Спускаясь по устланной коврами лестнице в комнату Альфонсо, она думала: "Вот я и добилась своего, он полюбил меня", – и прежние ее страхи рассеивались, как легкая дымка под лучами летнего лимского солнца. Она позабыла набросить халат и шла в одной ночной сорочке черного шелка: казалось, что ее белое, пышное, еще упругое тело невесомо парит в полутьме, время от времени прорезаемой фарами проносившихся под окнами машин. Ее длинные волосы были распущены, и она не сняла надетые к приходу гостей кольца, серьги и ожерелье.

Из-под двери детской – ну, конечно, Фончо всегда читает допоздна! – пробивалась полоска света. Донья Лукреция чуть слышно постучалась и вошла. В желтоватом свечении, окружавшем лампочку ночника, над томиком Александра Дюма она с трепетом увидела лик Младенца Христа. Спутанные золотистые локоны, полуоткрытый от удивления рот с двумя рядами белоснежных зубов, большие голубые глаза, напряженно всматривающиеся в темноту за порогом. Донья Лукреция, не шевелясь, с нежностью разглядывала мальчика. Как он мил! Настоящий ангелок или паж, сошедший с одной из тех галантных гравюр, которые ее муж хранит за семью замками.

– Это ты?

– Какое милое письмецо ты мне написал, Фончо. Право, лучшего подарка ко дню рождения я никогда не получала.

Мальчик вскочил и теперь стоял в кровати, улыбаясь донье Лукреции и раскрывая ей объятия. Она тоже улыбнулась, приблизилась к нему и вдруг перехватила его взгляд, в котором ликование уступило место растерянности, изумленный взгляд, замерший на ее полуоткрытой груди. "Боже мой, я же почти голая, – подумала она. – Забыла халат, дура. Какое зрелище для бедного мальчика". Неужели за праздничным ужином она выпила лишнего?

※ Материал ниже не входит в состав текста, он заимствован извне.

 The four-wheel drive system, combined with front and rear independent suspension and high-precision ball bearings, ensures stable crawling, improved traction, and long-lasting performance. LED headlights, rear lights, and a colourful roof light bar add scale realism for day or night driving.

Но Альфонсито уже обнимал ее:

– С днем рождения, с днем рождения!

Его звонкий, беззаботный голосок словно веял свежестью. Донья Лукреция почувствовала, как прижимается к ней его стройное тельце с проступающими под кожей хрупкими косточками, и подумала, что если она обхватит его чуть крепче, то задушит, сломает, как воробышка. Теперь, когда он стоял на кровати, они были одного роста. Обвив тонкие руки вокруг ее шеи, мальчик нежно поцеловал ее в щеку. Донья Лукреция тоже обняла его, скользнув одной рукой под пижамную курточку темно-синего цвета в красную полоску, провела ладонью по его спине, ощутив кончиками пальцев лесенку хрупких позвонков.

– Я так люблю тебя, – прозвучал у самого ее уха голосок.

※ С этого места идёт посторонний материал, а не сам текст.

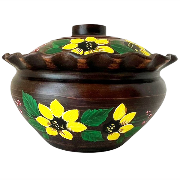 Макитра 2.5л волна Подсолнух с крышкой красная глина

Донья Лукреция ощутила прикосновение его узких губ к мочке уха, его горячее дыхание и почувствовала, как он поцеловал ее и чуть прикусил зубами. Почудилось, что Альфонсо беззвучно смеялся, ласкаясь к ней. Грудь ее стеснилась от благодарного чувства. Подумать только: все подруги предсказывали, что пасынок станет главным препятствием на ее пути, что из-за него ей никогда не знать с Ригоберто счастья. Взволнованная, она расцеловала его в обе щеки, прикоснулась губами к его лбу, к взлохмаченным кудрям, а между тем странное, смутное чувство, пришедшее словно из какой-то дальней дали, незаметно для нее самой пронизало все ее тело, нарастая в особенности там – в груди, животе, бедрах, на шее, плечах и щеках, – где оно соприкасалось с телом мальчика.

– Правда? – спросила она, сделав попытку отстраниться. Но Альфонсо не отпускал ее. Напротив, нараспев повторяя:

– Очень, очень, больше всех на свете, – он еще теснее приник к ней. Его руки взяли ее за виски и отклонили назад ее голову.

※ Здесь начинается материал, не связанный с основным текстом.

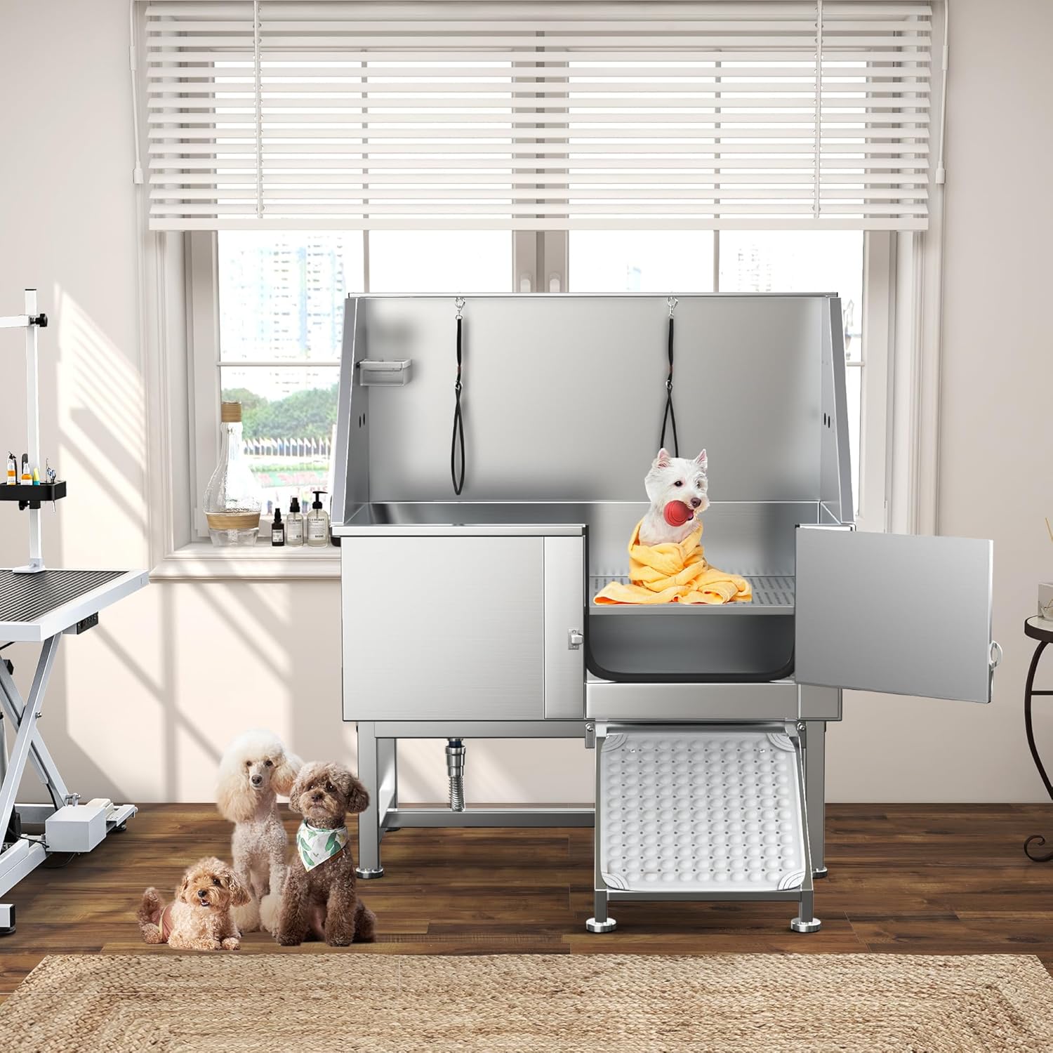 - Safe and Convenient: dog bathtub for large dogs includes a reliable door lock to prevent accidental opening; The hideable stair comes with a new limiting screw for secure stepping when pulled out; An attached leash holder can also be used to hang towels

Донья Лукреция почувствовала быстрые клюющие поцелуи, которыми он покрывал ее щеки, подбородок, лоб, брови, глаза. Когда же тонкие губы скользнули по ее губам, она в смятении стиснула зубы. Сознает ли Фончито, что делает? Не надо ли оттолкнуть его? Да нет, нет, как мог почудиться ей умысел в беспорядочном порхании этих проворных губ, дважды или трижды ненароком, словно заблудившись, прильнувших к ее губам, жадно прижавшихся к ним?

– Ну, а теперь пора спать, – сказала она, отстраняя мальчика и стараясь казаться более спокойной и ровной, чем была на самом деле. – А то завтра мы тебя не добудимся, малыш.

Альфонсито покорно улегся в кровать. Разрумянившись, он глядел на нее с веселым восхищением. Как могла она заподозрить неладное? Это чистое личико, эти радостные глаза, это маленькое тело, в комочек свернувшееся под простыней, были воплощением невинности. Как ты развращена, Лукреция! Она подоткнула простыню, поправила подушку, поцеловала пасынка в голову и погасила ночник. Уже у самой двери донесся до нее его звонкий голос:

– Я обязательно стану первым учеником! Это будет моим подарком тебе!

– Ты обещаешь, Фончито?

– Честное слово!

Поднимаясь к себе в спальню, донья Лукреция, оказавшись на темной лестнице словно среди тайных сообщников, почувствовала вдруг, что вся горит. "Нет, у меня нет жара", – растерянно подумала она. Возможно ли, что случайная, неосознанная ласка пасынка привела ее в такое состояние? Ты становишься порочной, милая моя, это первый признак приближающейся старости. Так ли это? Так, потому что она пылает с головы до ног и увлажнена. Внезапно она вспомнила, как на одном благотворительном чаепитии – кажется, собирали средства для Красного Креста – ее подруга, дама не самых строгих правил, заставила покраснеть и нервно захихикать соседок по столу, рассказав им, что когда во время сиесты она дремала раздетой рядом со своим маленьким крестником, от его невинных прикосновений – он почесывал ей спину – она вспыхивала, как факел.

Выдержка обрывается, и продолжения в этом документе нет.